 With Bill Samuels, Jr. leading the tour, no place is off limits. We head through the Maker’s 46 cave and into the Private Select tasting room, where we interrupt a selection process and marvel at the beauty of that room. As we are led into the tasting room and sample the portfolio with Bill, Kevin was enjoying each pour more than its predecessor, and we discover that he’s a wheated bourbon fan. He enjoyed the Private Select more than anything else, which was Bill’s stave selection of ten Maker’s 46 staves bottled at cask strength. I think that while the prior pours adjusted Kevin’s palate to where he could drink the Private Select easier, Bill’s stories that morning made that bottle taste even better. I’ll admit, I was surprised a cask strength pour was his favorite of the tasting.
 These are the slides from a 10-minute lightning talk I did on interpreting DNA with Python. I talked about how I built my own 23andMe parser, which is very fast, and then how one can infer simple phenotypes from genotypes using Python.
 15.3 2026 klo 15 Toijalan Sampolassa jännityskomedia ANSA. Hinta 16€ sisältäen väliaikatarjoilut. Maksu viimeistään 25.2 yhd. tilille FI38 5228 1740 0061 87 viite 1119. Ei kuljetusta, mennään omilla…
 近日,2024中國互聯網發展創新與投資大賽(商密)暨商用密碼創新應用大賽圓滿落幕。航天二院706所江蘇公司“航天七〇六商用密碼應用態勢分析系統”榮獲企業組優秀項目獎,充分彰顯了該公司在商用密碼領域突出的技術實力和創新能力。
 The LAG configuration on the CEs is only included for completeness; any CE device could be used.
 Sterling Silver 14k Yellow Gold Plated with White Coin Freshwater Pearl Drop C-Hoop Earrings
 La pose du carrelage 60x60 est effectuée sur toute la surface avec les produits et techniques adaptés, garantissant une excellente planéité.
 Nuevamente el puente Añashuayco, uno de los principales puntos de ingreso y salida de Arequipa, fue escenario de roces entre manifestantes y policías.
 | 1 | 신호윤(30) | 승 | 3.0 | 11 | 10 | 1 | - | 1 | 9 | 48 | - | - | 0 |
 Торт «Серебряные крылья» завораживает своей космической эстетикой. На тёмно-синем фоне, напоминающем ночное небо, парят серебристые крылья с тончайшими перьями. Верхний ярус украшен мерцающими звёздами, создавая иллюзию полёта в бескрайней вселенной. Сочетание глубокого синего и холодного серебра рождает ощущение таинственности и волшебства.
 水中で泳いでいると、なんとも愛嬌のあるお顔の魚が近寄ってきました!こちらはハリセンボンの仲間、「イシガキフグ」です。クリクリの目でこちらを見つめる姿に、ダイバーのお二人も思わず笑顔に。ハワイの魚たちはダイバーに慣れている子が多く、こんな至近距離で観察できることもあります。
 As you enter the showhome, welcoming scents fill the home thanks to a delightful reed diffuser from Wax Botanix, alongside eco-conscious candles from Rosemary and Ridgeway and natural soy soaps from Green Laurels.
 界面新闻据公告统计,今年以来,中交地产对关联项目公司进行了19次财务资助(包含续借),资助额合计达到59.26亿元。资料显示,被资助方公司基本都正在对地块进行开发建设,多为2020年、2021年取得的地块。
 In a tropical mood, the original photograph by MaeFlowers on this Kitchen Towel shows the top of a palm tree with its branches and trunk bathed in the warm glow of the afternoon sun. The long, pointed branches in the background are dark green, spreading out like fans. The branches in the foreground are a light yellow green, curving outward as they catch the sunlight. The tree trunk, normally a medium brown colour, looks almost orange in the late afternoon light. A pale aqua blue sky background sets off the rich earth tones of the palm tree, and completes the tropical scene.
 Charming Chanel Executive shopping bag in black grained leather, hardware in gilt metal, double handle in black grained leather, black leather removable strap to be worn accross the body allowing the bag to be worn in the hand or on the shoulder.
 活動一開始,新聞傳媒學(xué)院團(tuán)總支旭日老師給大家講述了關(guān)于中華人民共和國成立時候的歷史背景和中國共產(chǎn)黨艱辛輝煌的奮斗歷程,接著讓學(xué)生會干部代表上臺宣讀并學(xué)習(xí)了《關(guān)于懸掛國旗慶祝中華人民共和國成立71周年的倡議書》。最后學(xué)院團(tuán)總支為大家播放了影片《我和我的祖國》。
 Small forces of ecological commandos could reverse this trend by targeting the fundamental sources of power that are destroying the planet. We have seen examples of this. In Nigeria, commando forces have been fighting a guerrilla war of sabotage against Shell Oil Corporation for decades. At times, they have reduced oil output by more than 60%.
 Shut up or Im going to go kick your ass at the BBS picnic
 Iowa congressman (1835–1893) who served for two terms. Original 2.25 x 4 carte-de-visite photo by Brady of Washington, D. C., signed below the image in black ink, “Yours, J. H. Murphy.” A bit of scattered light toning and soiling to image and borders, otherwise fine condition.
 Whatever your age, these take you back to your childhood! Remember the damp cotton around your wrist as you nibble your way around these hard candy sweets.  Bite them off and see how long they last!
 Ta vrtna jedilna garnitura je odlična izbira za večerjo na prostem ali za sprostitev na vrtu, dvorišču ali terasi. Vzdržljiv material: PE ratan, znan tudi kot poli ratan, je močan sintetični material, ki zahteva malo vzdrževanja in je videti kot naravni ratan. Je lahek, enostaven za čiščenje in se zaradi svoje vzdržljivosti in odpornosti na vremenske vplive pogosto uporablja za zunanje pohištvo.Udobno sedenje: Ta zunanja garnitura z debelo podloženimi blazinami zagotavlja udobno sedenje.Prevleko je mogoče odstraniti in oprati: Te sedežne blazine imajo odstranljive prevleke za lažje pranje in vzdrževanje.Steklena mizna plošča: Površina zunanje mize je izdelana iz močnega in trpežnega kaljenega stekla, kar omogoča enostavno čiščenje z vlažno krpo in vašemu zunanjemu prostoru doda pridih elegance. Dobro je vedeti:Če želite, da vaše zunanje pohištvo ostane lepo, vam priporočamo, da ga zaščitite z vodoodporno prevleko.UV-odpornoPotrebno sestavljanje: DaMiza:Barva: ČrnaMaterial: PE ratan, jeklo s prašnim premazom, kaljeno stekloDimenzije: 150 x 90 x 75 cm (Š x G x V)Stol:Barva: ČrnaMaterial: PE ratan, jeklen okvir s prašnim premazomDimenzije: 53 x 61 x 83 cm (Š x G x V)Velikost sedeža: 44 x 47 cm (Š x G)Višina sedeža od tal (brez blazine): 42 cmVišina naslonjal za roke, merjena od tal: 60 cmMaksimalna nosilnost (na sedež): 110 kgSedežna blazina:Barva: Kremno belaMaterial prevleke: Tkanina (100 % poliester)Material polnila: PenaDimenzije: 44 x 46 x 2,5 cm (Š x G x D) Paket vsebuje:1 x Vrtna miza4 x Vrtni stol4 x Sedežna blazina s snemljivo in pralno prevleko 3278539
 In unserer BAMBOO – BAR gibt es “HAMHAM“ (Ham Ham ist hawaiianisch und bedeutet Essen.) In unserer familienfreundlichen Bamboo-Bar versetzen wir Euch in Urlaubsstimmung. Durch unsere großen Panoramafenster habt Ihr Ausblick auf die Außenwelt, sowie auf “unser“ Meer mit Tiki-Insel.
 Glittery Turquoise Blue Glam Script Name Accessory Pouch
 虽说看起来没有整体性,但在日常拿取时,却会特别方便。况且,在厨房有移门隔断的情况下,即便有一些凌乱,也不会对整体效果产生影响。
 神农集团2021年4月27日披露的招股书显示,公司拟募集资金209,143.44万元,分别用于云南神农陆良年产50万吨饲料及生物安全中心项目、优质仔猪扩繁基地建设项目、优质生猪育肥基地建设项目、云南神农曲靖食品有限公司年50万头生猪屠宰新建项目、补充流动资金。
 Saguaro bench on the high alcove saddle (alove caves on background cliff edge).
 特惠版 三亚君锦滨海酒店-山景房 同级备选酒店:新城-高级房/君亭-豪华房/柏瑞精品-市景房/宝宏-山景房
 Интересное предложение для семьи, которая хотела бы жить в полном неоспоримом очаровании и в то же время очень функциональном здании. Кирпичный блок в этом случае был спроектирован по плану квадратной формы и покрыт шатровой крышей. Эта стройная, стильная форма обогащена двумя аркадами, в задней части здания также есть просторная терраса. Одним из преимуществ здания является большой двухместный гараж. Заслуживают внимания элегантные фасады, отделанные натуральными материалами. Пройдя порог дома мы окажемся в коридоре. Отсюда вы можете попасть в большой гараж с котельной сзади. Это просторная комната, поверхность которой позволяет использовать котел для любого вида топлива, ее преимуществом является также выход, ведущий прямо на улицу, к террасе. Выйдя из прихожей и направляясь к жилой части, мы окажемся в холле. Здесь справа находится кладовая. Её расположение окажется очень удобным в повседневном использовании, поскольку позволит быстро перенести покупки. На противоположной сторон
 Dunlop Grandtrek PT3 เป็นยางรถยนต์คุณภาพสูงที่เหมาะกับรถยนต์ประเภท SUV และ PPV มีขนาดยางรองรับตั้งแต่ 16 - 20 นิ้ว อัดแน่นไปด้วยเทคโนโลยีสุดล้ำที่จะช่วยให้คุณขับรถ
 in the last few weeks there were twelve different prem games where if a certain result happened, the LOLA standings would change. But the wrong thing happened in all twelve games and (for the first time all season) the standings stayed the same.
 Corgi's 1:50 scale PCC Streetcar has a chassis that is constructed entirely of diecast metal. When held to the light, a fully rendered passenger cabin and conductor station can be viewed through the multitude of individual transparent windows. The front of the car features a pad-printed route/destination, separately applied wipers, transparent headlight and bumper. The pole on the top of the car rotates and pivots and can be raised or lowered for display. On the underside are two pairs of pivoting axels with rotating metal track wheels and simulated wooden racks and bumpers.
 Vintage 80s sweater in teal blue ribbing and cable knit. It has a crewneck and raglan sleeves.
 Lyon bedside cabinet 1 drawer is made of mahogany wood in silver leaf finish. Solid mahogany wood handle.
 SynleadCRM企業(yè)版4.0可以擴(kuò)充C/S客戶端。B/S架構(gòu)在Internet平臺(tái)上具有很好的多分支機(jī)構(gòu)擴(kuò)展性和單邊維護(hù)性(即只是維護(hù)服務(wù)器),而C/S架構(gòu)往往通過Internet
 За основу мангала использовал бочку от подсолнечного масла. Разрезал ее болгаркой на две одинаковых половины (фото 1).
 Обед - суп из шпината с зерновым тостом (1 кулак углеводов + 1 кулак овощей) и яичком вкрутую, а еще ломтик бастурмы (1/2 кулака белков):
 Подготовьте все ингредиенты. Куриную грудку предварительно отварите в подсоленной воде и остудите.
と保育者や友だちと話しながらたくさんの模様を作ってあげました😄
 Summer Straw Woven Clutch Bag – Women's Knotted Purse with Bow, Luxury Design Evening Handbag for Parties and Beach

::::

WORK REQUEST: Every line above from the line with "1 | 신호윤(30)" to the line with "活動一開始,新聞傳媒學(xu", inclusive, must be returned exactly; no other line belongs in the reply.

SOLUTION FOR THIS EXERCISE:
 | 1 | 신호윤(30) | 승 | 3.0 | 11 | 10 | 1 | - | 1 | 9 | 48 | - | - | 0 |
 Торт «Серебряные крылья» завораживает своей космической эстетикой. На тёмно-синем фоне, напоминающем ночное небо, парят серебристые крылья с тончайшими перьями. Верхний ярус украшен мерцающими звёздами, создавая иллюзию полёта в бескрайней вселенной. Сочетание глубокого синего и холодного серебра рождает ощущение таинственности и волшебства.
 水中で泳いでいると、なんとも愛嬌のあるお顔の魚が近寄ってきました!こちらはハリセンボンの仲間、「イシガキフグ」です。クリクリの目でこちらを見つめる姿に、ダイバーのお二人も思わず笑顔に。ハワイの魚たちはダイバーに慣れている子が多く、こんな至近距離で観察できることもあります。
 As you enter the showhome, welcoming scents fill the home thanks to a delightful reed diffuser from Wax Botanix, alongside eco-conscious candles from Rosemary and Ridgeway and natural soy soaps from Green Laurels.
 界面新闻据公告统计,今年以来,中交地产对关联项目公司进行了19次财务资助(包含续借),资助额合计达到59.26亿元。资料显示,被资助方公司基本都正在对地块进行开发建设,多为2020年、2021年取得的地块。
 In a tropical mood, the original photograph by MaeFlowers on this Kitchen Towel shows the top of a palm tree with its branches and trunk bathed in the warm glow of the afternoon sun. The long, pointed branches in the background are dark green, spreading out like fans. The branches in the foreground are a light yellow green, curving outward as they catch the sunlight. The tree trunk, normally a medium brown colour, looks almost orange in the late afternoon light. A pale aqua blue sky background sets off the rich earth tones of the palm tree, and completes the tropical scene.
 Charming Chanel Executive shopping bag in black grained leather, hardware in gilt metal, double handle in black grained leather, black leather removable strap to be worn accross the body allowing the bag to be worn in the hand or on the shoulder.
 活動一開始,新聞傳媒學(xué)院團(tuán)總支旭日老師給大家講述了關(guān)于中華人民共和國成立時候的歷史背景和中國共產(chǎn)黨艱辛輝煌的奮斗歷程,接著讓學(xué)生會干部代表上臺宣讀并學(xué)習(xí)了《關(guān)于懸掛國旗慶祝中華人民共和國成立71周年的倡議書》。最后學(xué)院團(tuán)總支為大家播放了影片《我和我的祖國》。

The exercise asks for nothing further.